Photo edit of Donald Trump. Credit: Alexander J. Williams III.
Photo edit of Donald Trump. Credit: Alexander J. Williams III.

What happened to former President Trump this weekend? It seems that over the weekend quite a few updates popped up on Trump, Twitter, and the DOJ. The sequence of events all started Friday with a hearing on the classified material at his Florida estate. Before continuing onto the Twitter Files and their relation to Trump and his ban from Twitter previous to the Elon Musk takeover.
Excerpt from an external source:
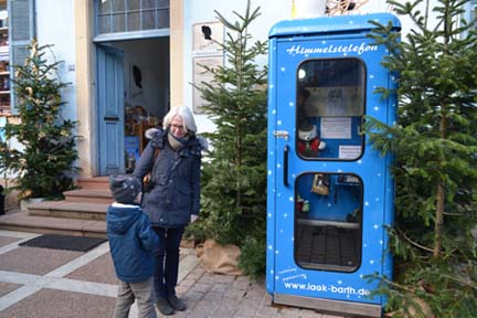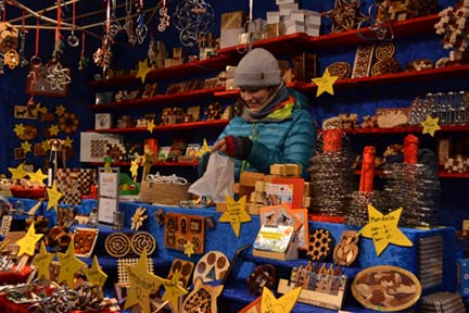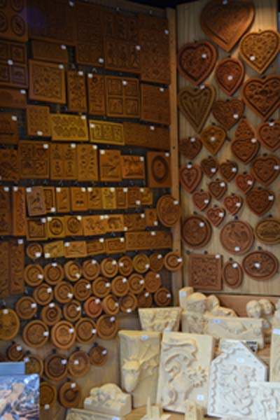 By noon the next day we docked in Mannheim and could choose a bus excursion to Heidelberg or to Speyer. Having visited Heidelberg several times already, we chose to see the 2,000-year-old Imperial city of Speyer. Here the Christmas Market extended down Maximilianstrasse from the UNESCO World Heritage Speyer Cathedral, the largest Romanesque cathedral in the world. Though smaller than the Cologne Christmas Markets, Speyer’s market had all the requisite comfort foods: Glühwein, grilled sausages, roasted almonds, and even waffles, potato soup and dumplings. Vendors offered wood handicrafts, colorful candles, jewelry, scarves, kitchen gadgets and unique cookie cutters. Especially for children were an ice rink, kiddie car rides and a telephone booth with direct access to the Christkind in Heaven!

Friday Federal Judge, Beryl Howell urged lawyers from the Department of Justice and lawyers from Trump’s team to work the matter out on their own, before declining to take action on holding Trump in contempt of court. This was after the DOJ alleged Trump and his team failed to comply with subpoenas, rather they supposedly kept important classified documents in his Mar-o-Lago home.

The events continued when Twitter CEO Elon Musk revealed the third and fourth parts of the so-called “Twitter files.” During the third installment, investigative reporter, Matt Taibbi, revealed the way Trump was targeted for removal from Twitter. Taibbi shared screenshots of Slack messages between himself and other employees discussing the Trump ban. One unnamed executive alleged the “context surrounding” the actions of Trump and his supporters “over the course of the election and frankly last 4+ years” contributed to the ban.
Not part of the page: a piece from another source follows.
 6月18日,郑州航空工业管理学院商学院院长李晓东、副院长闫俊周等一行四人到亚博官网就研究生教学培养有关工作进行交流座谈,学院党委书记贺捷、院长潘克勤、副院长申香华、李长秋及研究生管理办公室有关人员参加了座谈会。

In the fourth part of the files, the reactions of Twitter employees towards the ban on Trump were revealed. The only serious concern on the basis of free speech seemed to have been voiced by a junior employee within the company in a Slack channel buried pretty deep. Insinuating that the bulk of Twitter employees did not mind the unconstitutional wrongness the ban displayed, or how it would look on them. During this fourth installment, it was also revealed by co-releaser Journalist Michael Shellenberger, that the company faced “internal and external” pressure to ban Trump from the site. It was also cited within Shellenberger’s statement that the former first lady Michelle Obama was among those who pressured the company to remove Trump from the site.

After the events of January 6th, Mrs. Obama took to Twitter to discuss the events in which she called for the banning of “this man,” aka Trump.

While Trump was suspended at the time of this Tweet, he had a “Public-interest exceptions” policy that he kept current with the site, which meant as he was an elected official he would not be banned based on having a high percentage of public interest. Though this was ignored when days later he was in fact banned from the platform.